On a traditional stack, that answer is two to three quarters of sprint work: inventory migration, validation template rewrites, new monitoring pipelines, documentation refreshes, vendor-model onboarding, and parallel workstreams for GenAI and agentic systems that supervisors now treat as in-scope by principle. Every workstream is a project, a change ticket, and an audit exposure.
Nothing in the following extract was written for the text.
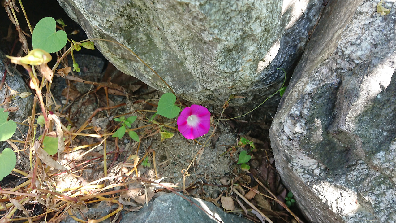 바위 밑에 꼭꼭 숨어 피었네

The real question is not "how do we build compliance to this guidance?" It is "what platform decision makes the next guidance change — and the one after that — a configuration exercise instead of a program?"
The 2026 revision is less a rewrite of controls than a re-segmentation of how we apply them. Five shifts matter for practitioners:
The shared thread: evidence must be produced as a byproduct of how models are built, not reconstructed after the fact. That is a platform problem, not a policy problem.
We take the regulatory intent as a given. Rather than debating the guidance, we focus on the operating model it implies:
The remainder of this article outlines a reference architecture on Databricks — designed to meet those needs on a single governed substrate, because in practice, these requirements cannot be reliably composed from a collection of point solutions without recreating the fragmentation MRM is meant to eliminate.
We map the revised MRM expectations onto concrete Databricks capabilities so banks can see how to operationalize these principles on the Lakehouse.
The architecture below is what makes "one lineage graph" more than a slogan. Every lifecycle stage resolves to a governed object in Unity Catalog. The same primitives serve classical ML and GenAI, so the MRM team operates one framework, not two.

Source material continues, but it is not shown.